Action item: Your answer must be the full listing below, restated word for word, with no pictures in it.

Source data:

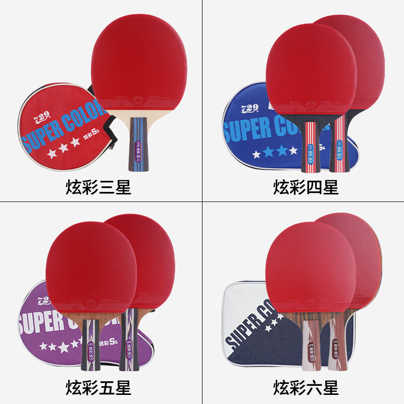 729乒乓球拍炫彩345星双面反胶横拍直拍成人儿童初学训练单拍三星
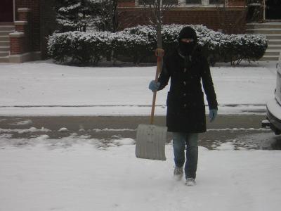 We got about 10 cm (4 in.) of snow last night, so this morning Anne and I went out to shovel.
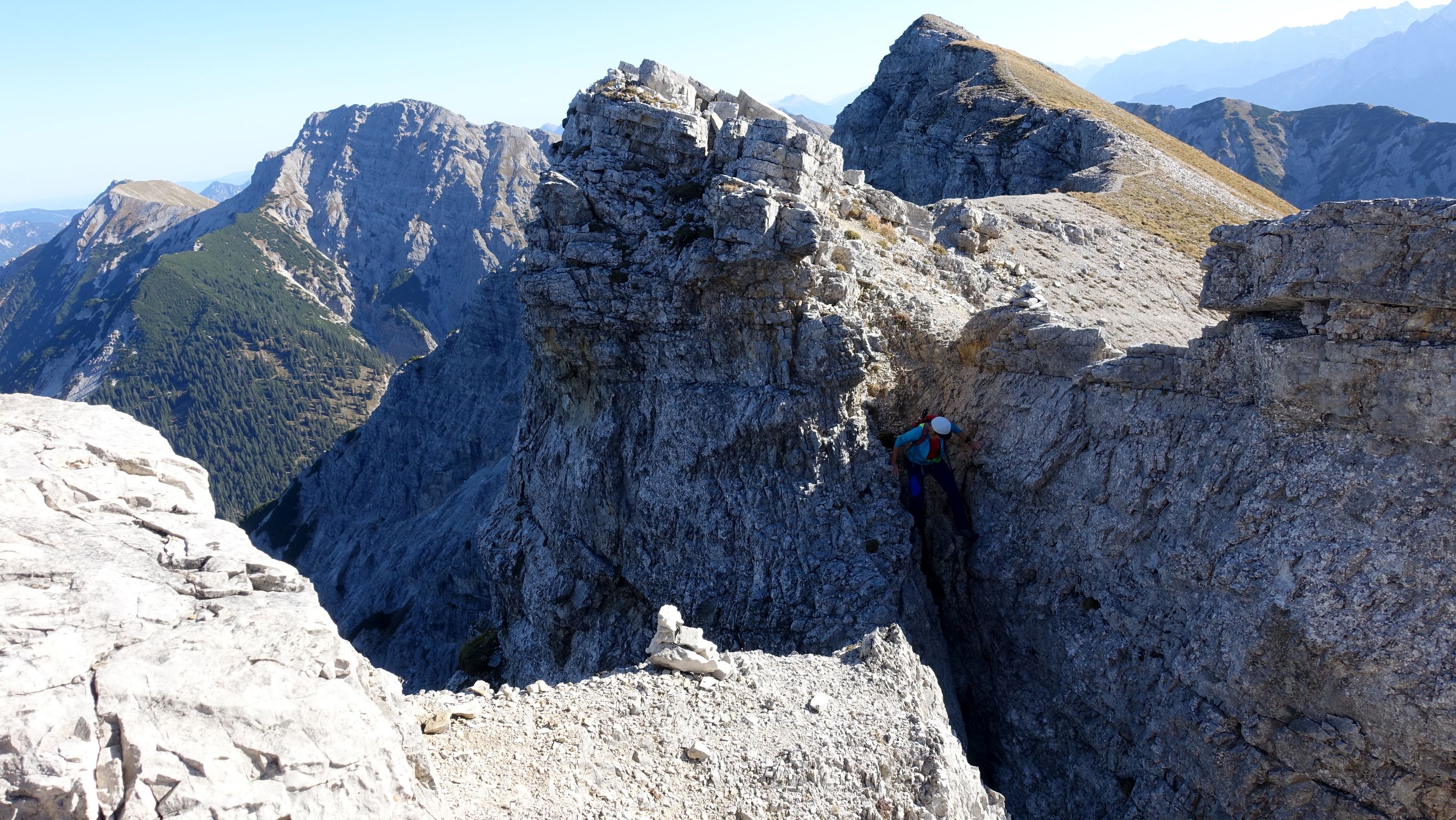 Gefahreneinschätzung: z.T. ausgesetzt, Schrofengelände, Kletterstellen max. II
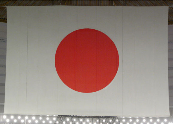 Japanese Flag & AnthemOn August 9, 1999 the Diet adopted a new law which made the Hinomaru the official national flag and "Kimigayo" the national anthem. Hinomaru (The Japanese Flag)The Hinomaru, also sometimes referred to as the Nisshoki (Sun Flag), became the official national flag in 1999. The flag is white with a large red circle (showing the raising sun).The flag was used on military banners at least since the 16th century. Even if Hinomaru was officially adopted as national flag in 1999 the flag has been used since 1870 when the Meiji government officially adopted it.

Exercise response:
 729乒乓球拍炫彩345星双面反胶横拍直拍成人儿童初学训练单拍三星
 We got about 10 cm (4 in.) of snow last night, so this morning Anne and I went out to shovel.
 Gefahreneinschätzung: z.T. ausgesetzt, Schrofengelände, Kletterstellen max. II
 Japanese Flag & AnthemOn August 9, 1999 the Diet adopted a new law which made the Hinomaru the official national flag and "Kimigayo" the national anthem. Hinomaru (The Japanese Flag)The Hinomaru, also sometimes referred to as the Nisshoki (Sun Flag), became the official national flag in 1999. The flag is white with a large red circle (showing the raising sun).The flag was used on military banners at least since the 16th century. Even if Hinomaru was officially adopted as national flag in 1999 the flag has been used since 1870 when the Meiji government officially adopted it.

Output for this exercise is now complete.